“Have you been to Marion County before?”
I tucked one foot underneath myself, grateful for the change in conversation. “No. Actually… I’ve only been outside of Tallahassee once, and that was to go to spring break at PCB.”
He glanced over, surprised. “You’re kidding me. The only place you’ve ever been is Panama City Beach?” He said the tourist destination as if it was crud in the bottom of a trash can.
“My mom didn’t raise us to travel.” That was an understatement on a nuclear scale. I thought of Mom’s meltdown when she’d found out about my spring break trip, the way she had locked herself in her bedroom for three days straight, punishing me with a litany of facts about teenage pregnancies and date rape drugs. I had come back one weekend and a dozen missed calls later to find that she’d shaved her head, a result of her yanking out strands in patches.
“I can’t believe you haven’t ever gone anywhere else.” He pushed back the brim of his baseball cap and scratched his head. “It seems like a waste of a trip, taking you to the middle of nowhere.” He glanced over at me. “Where have you always dreamed of going?”
“I haven’t ever really thought about going anywhere,” I answered without really considering the question, but it was true. Even with Ansley and our new inheritance, we hadn’t traveled ten miles outside the Leon County line. It was like we were still stuck in Mom’s rules or would be violating her memory by stepping outside of them. Not that I felt guilty about tagging along with Declan on a sweaty and bug-filled camping trip. But if Ansley and I booked tickets to Tahiti, clinked champagne in first class seats, and read novels poolside, the ocean glittering before us—all on Mom’s dime? I would hate every second of it. I’d feel like I was dancing in high-heeled shoes on her grave.
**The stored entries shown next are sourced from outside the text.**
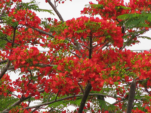 Flores de flamboyant, uma leguminosa.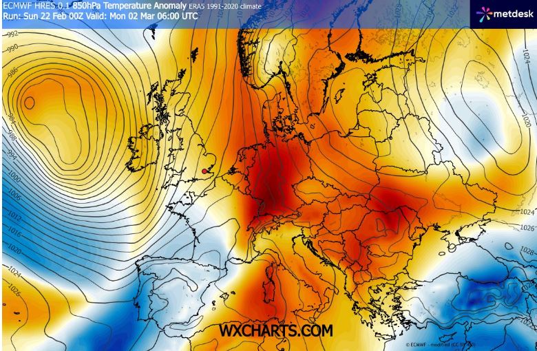 Τάση του καιρού για τις επόμενες 2 εβδομάδες σύμφωνα με τα προγνωστικά στοιχεία της 22 Φεβρουαρίου 2026.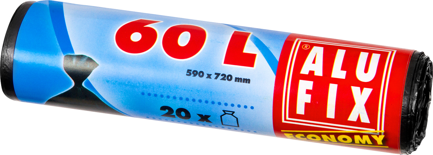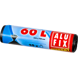 Czarne praktyczne worki Alufix na śmieci, mocne 13 µ (mikronów), rozmiar worka 59 × 72 cm, pojemność worka 60 l, opakowanie 20 sztuk. Wykonane z polietylenu o wysokiej gęstości (HDPE).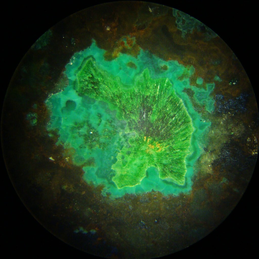 Several of them can present great color variations, from green to light blue, for example. Furthermore, malachite is associated with quartz, native copper, cerussite, calcite, “limonite”, chalcedony and many rare minerals such as duftite, auricalcite, sphaerocobaltite, kolwezite, shattuckite, chalcophyllite, conicalcite, rosasite, chalcosiderite, clinoclase, graemite, liroconite, mixite and cornetite, among many others.
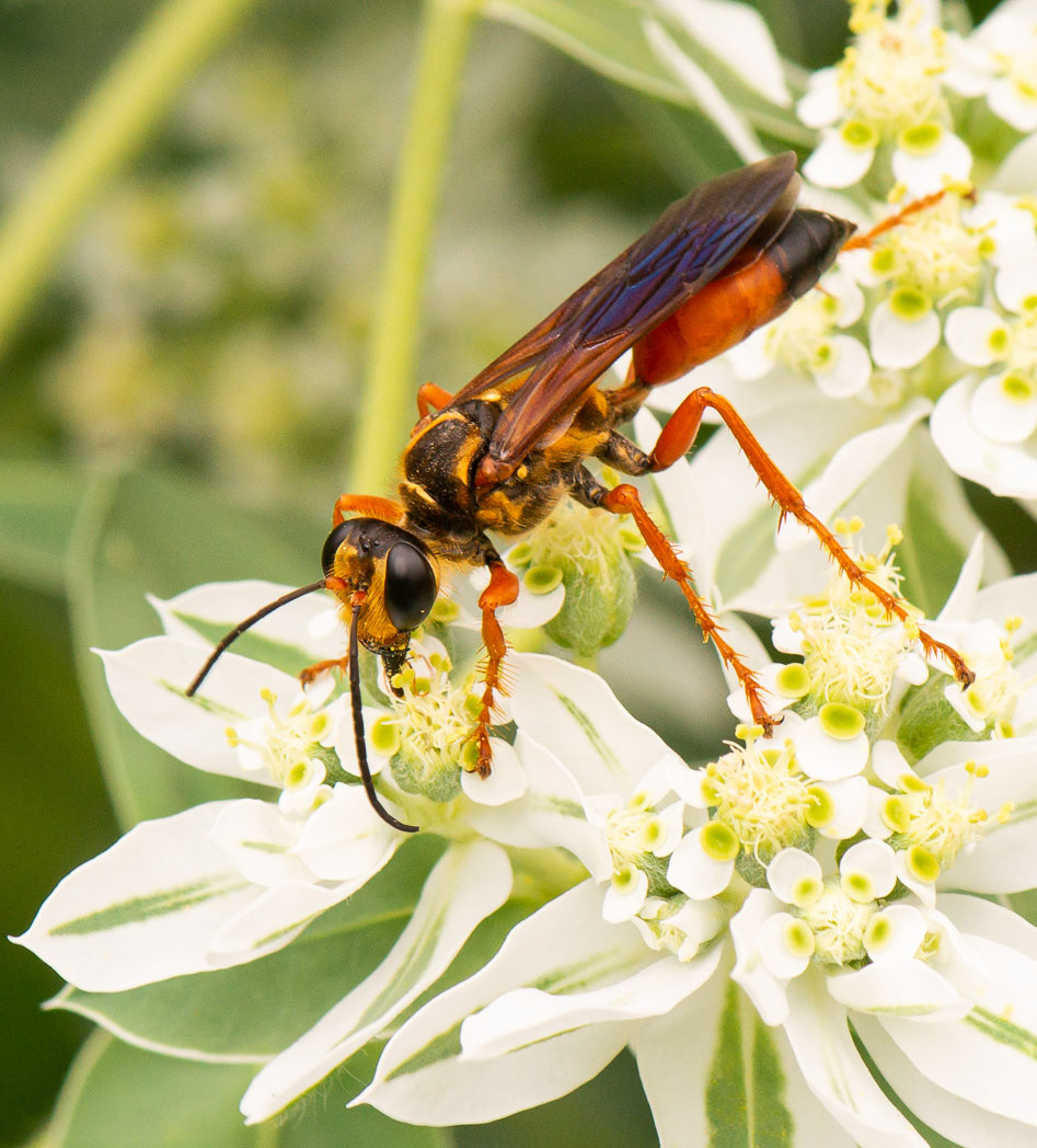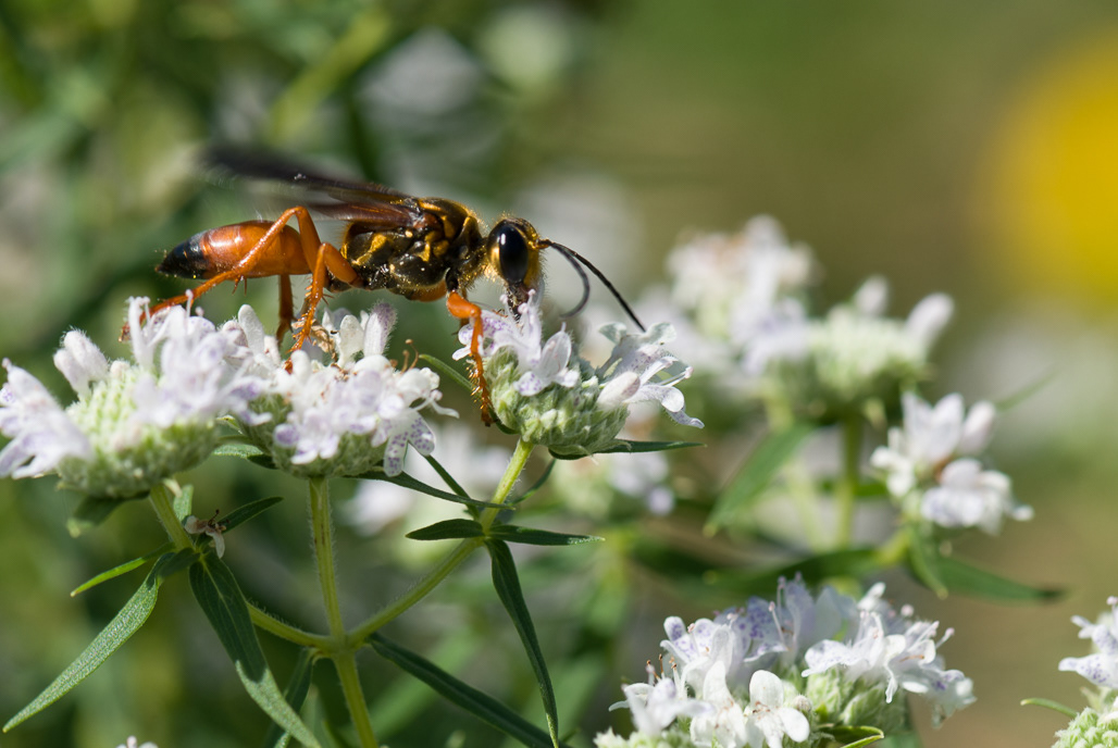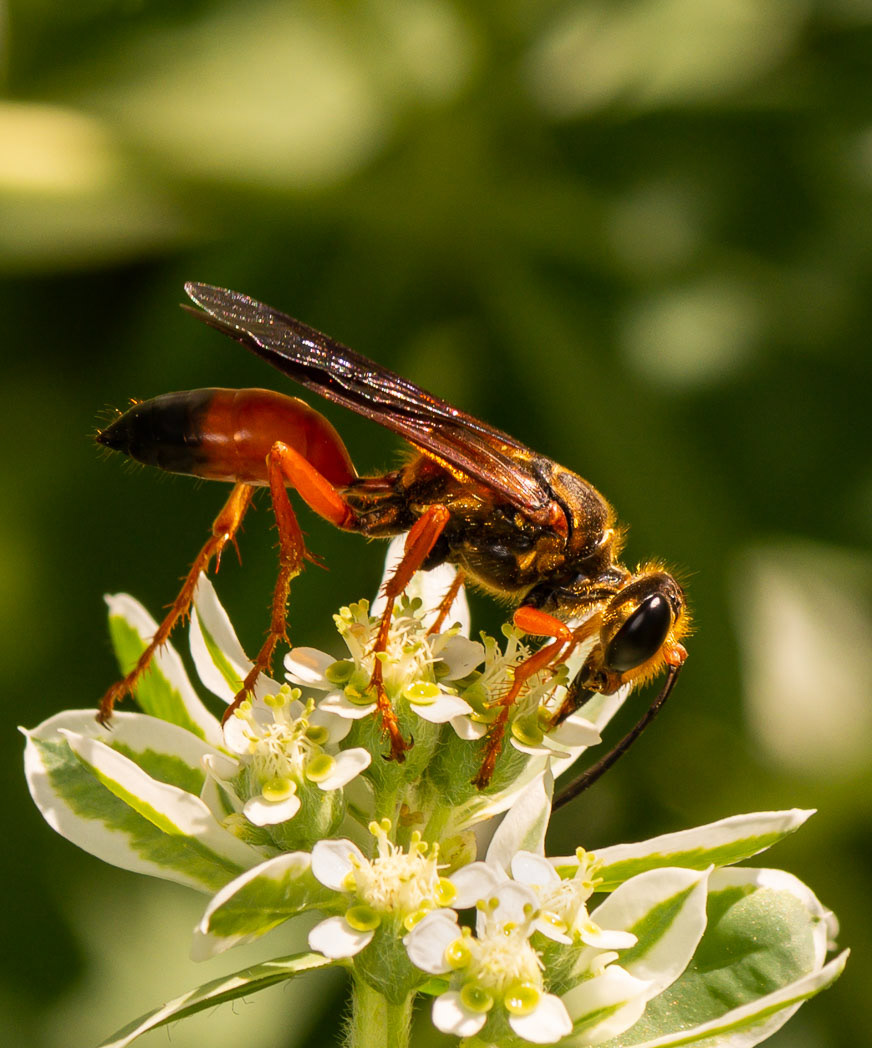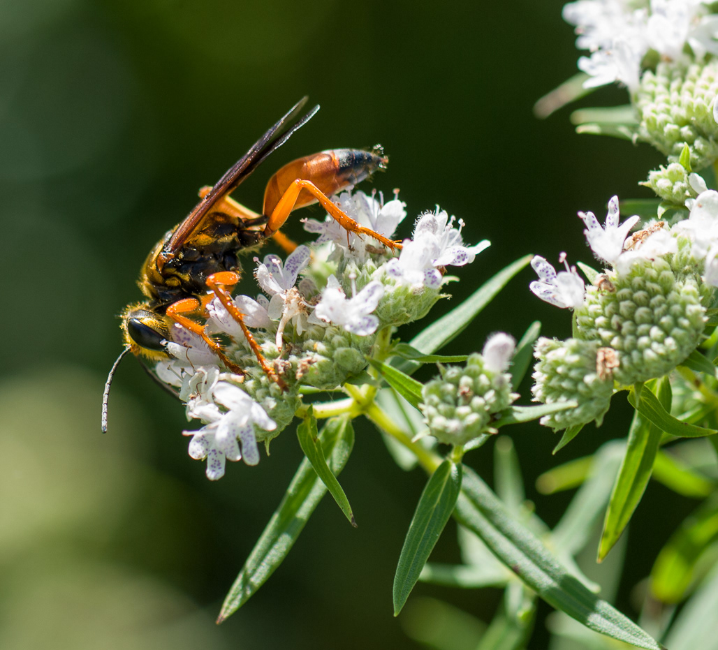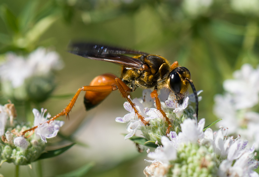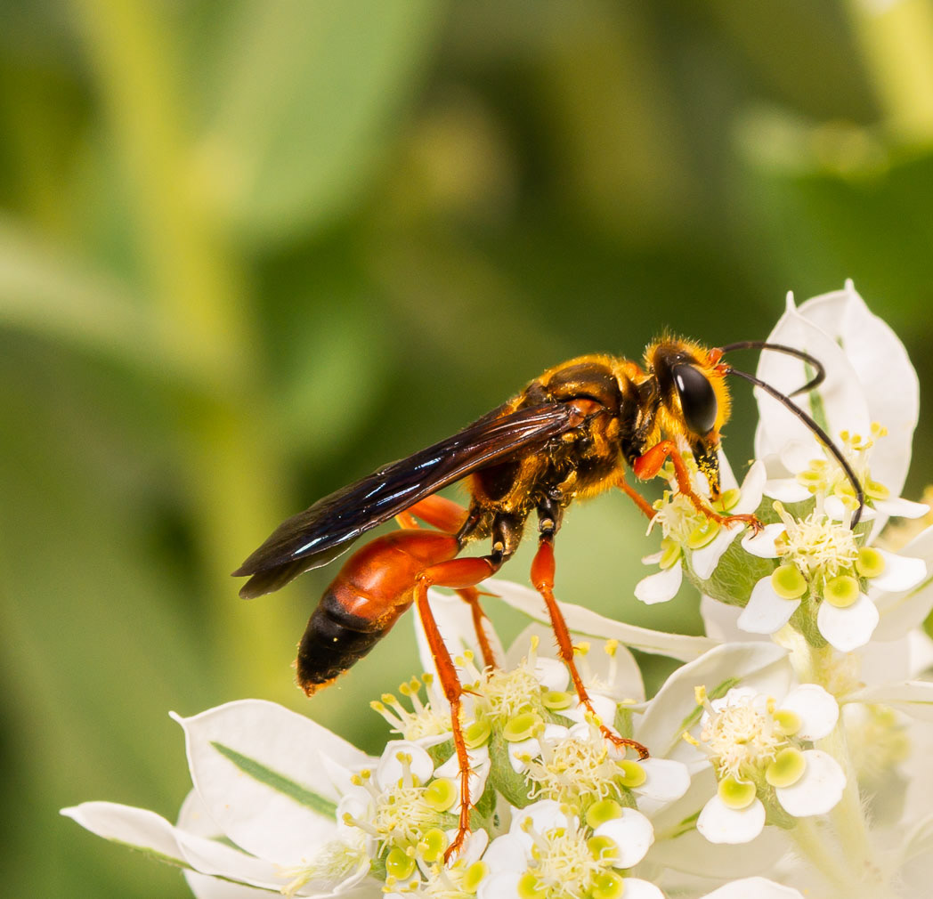 The Great Golden Digger Wasp (Sphex ichneumoneus) gets great press: "Scary Good," "benign, gentle wasp currently being studied by scientists for its behavioral responses," "The Hardest Working Bug in the Garden". This wasp gets good press for good reasons. Their tunnels help aerate the soil. The adults are pollinators as they live on the nectar of flowers. They capture insects that are garden pests. They are harmless to people unless stepped on or grabbed. The male doesn't even have a stinger. The female uses hers to paralyze prey, such as grasshoppers, katydids, and crickets, upon which to lay an egg after dragging it into one of two or three chambers connected horizontally to a four to six inch deep vertical tunnel. She digs several of these tunnels. She can't seem to keep track of how many insects she needs if she is robbed by a bird on her way back to her tunnel. She leaves her prey at the mouth of the tunnel, goes inside to inspect the tunnel to make sure all is well, and then returns to drag the prey into the tunnel. If the prey is moved a few inches while she is inspecting, when she returns she will put it back at the mouth of the tunnel and repeat her tunnel inspection. She will do this repetitively indicating that this behavior is genetically programmed. At more than an inch, they are one of the largest of the solitary thread-waisted digger wasps. The adult lives 1-2 months in the summer during which the females dig and provision their tunnels. Not realizing that these are beneficial creatures, many homeowners exterminate them.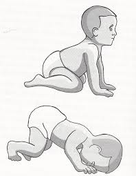 Până la vârstă de șase luni, cu condiția ca bebelușul să fi petrecut suficient timp stand pe burtă atunci când este treaz, copilul ar trebui să își poată susține greutatea corpului superior cu brațele. Aceasta înseamnă că, odată cu reapariția STNR, el este gata să se opună gravitației, ridicându-se pe mâini și genunchi. Cu toate acestea, de fiecare dată când își împinge capul în sus, brațele se îndreaptă și picioarele se îndoaie; dacă își pune capul în jos, brațele se vor îndoi și picioarele se vor îndrepta. Atâta timp cât apare această reacție, copilul nu poate integra suficient funcționarea corpului superior și inferior pentru a putea să se târască fără ca partea inferioară să fie tărâță în spate.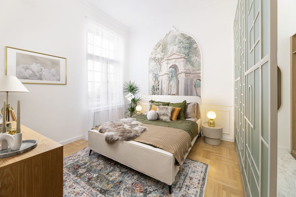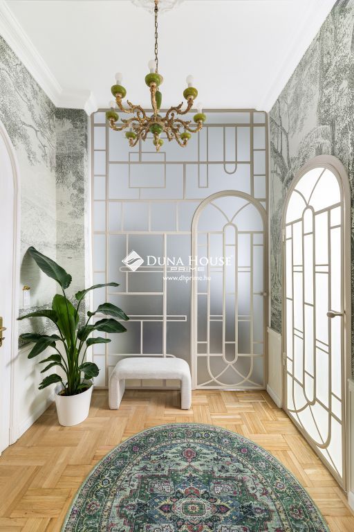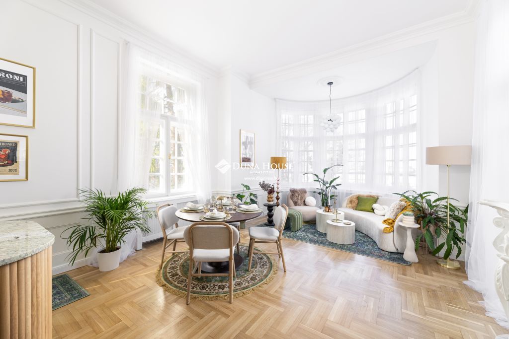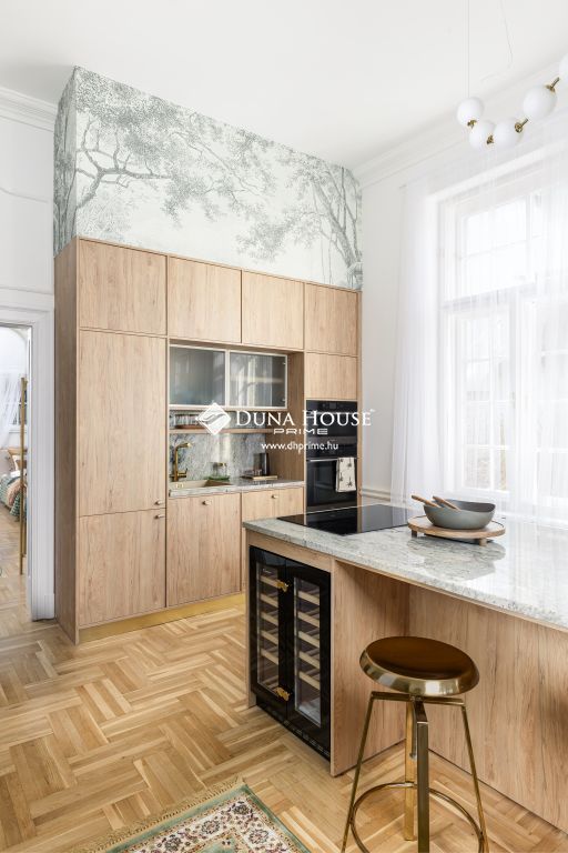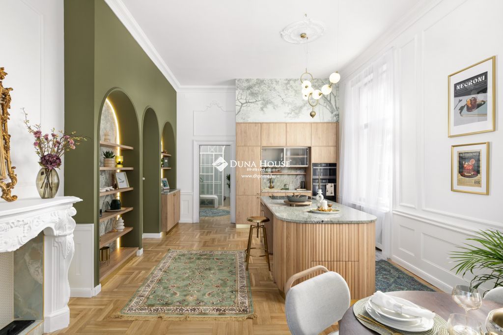 A 93 m² alapterületű lakás nappali + 2 hálószobás elrendezésű, két teljes értékű fürdőszobával rendelkezik, és nemrégiben esett át egy átgondolt, elegáns stílusú felújításon. A lakás a hajdani villa legreprezentatívabb helyiségeiben kapott helyet, amely azonnal érezhető a tágas terekben és a kiemelkedő, 365 cm-es belmagasságban.
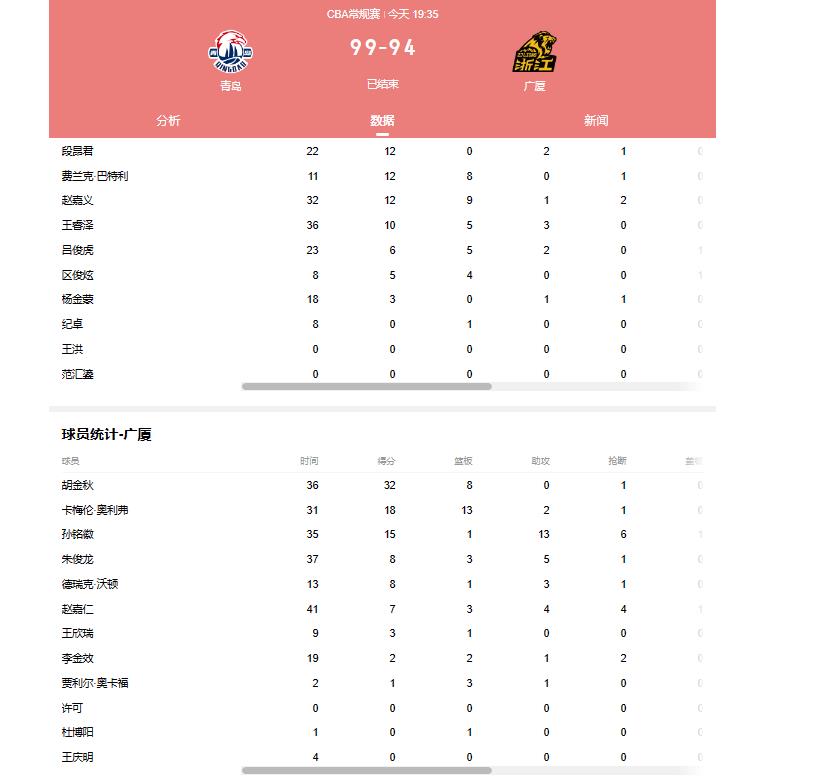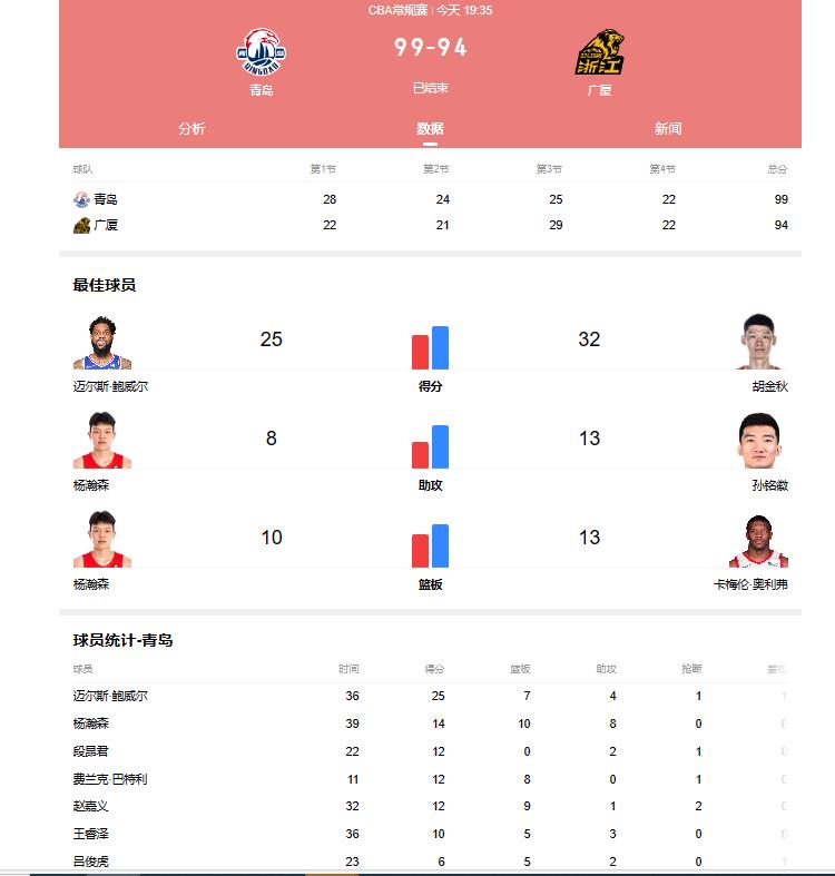 青岛: 鲍威尔26分7篮板4助攻、杨瀚森14分10篮板8助攻、赵嘉义12分9篮板、段昂君12分、巴特利11分8篮板、王睿泽10分5篮板3助攻广厦: 胡金秋32分8篮板、奥利弗18分13篮板、孙铭徽15分13助攻6抢断青岛男篮终结广厦5连胜,王博接受采访:我们连续五个客场,球队表现的比较疲劳 。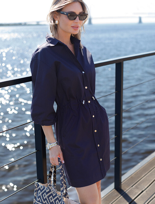 Платье в стиле сафари выполнено из тонкого хлопкового твила. Пышные рукава и пояс на кулисе с регуляторами. Модель дополнена боковыми карманами и застежкой на золотистые пуговицы. Благодаря наличию эластана в составе, изделие сохранит свой безупречный внешний вид в течении долгого времени. Обладает высокой воздухопроницаемостью, благодаря в платье будет комфортно даже в жаркое время года.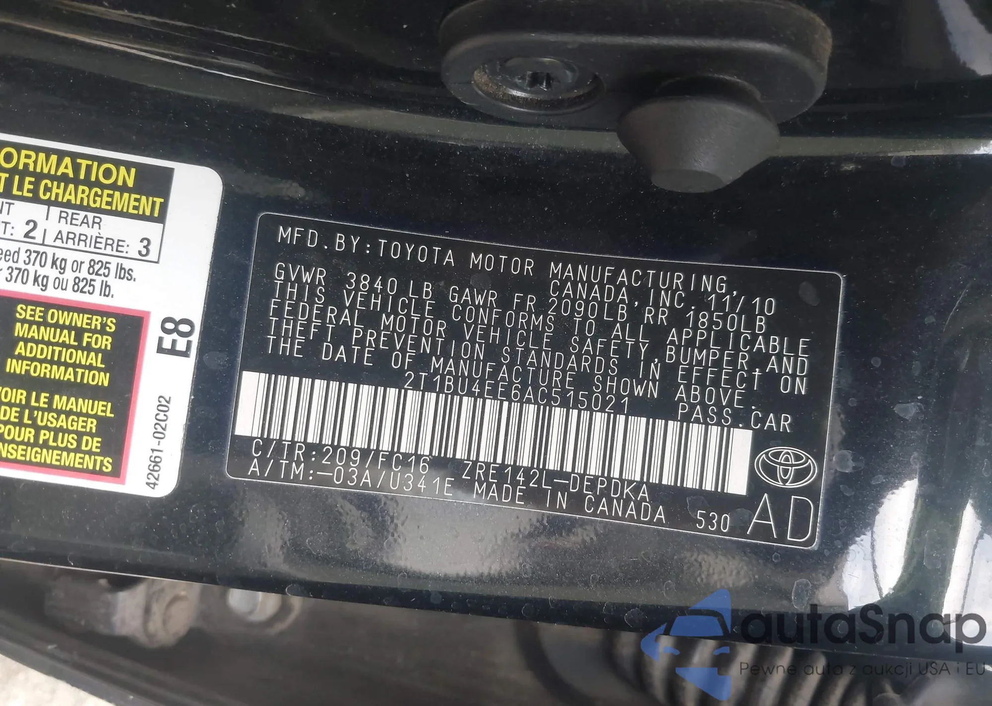 • VIN 1NXBU4EE2AZ336506

I tried to think of how to explain it all to Declan. But thoughts of Mom, her impressions and impacts on us… it was like a tiramisu. Horribly intricate. Sweet with an almost bitter aftertaste. Good in small amounts only. I weighed different stories to tell him and finally, reluctantly, told the most impactful one of all:
The story of the HappyTie Corporation, and Mom’s secret fortune.
Our mother was Debra Littlefield Jones. Graduated from University of Florida in 1984 with a degree in chemical engineering, and immediately hired to work for the HappyTie Corporation.
Declan hadn’t heard of HappyTie, which didn’t surprise me. Most people hadn’t. For us, it’d been a household name, one typically muttered as a curse. Momma had been promoted through their ranks, and eventually landed on HappyTie’s new product development team. According to her, and typically after four or five drinks, she’d invented the Happy Dye Tie, which was a head wrap that kept women from turning grey. She’d invented it, pitched it, and been shut down.
Years later, the HappyTie Corporation fired Mom, due in large part to her increasingly hostile behavior regarding every new product rolled out that wasn’t the Happy Dye Tie. She never forgave them for it, never got over the slight, and never came in contact with an HTC product without lighting it on fire.
“She lit them on fire?” Declan interrupted the story. Tearing open a bag of peanuts, he offered me some.
I took a handful. “Yep. It was why we were—and probably still are—banned from Burger Kings. That one on North Monroe, just north of I-10?” I waited on him to nod. “When I was twelve, we were eating lunch there one Sunday when mom realized that the cup lids were Forth brand, which is owned by HappyTie. She snatched a lighter from a lady sitting in one of the booths and proceeded to light the entire stand of lids on fire.” I smiled at the memory, which had been horribly traumatic at the time, but had eventually faded into a comical story. “It was a mess. They didn’t light very well, and let off this putrid odor as they melted together. It was a pretty weak attempt at arson until the stack of napkins caught the flame. Then… whoosh.” I raised my hands in a re-enactment of the blaze. “The sprinkler system went off, the police and fire department were called, and Ansley and I spent two days with a social worker before they agreed Mom was a fit parent.”
Declan had an odd look on his face, a mixture of horror and sympathy, and I waved him off. “You have to understand, for us, chaos was normal. Ansley and I protected each other. We watched out for each other. Mom’s activities… we just learned to avoid them. To do things that calmed her. To avoid things that didn’t. Occasionally… like when I went to Panama City for spring break… or when Ansley got married, one of us would act out—but for the most part, we all worked as a cohesive unit. Ansley and I were a team, and Mom was the loose cannon that we worked together to control. Or…” I struggled to find a better word than control. “Manage. Pacify.”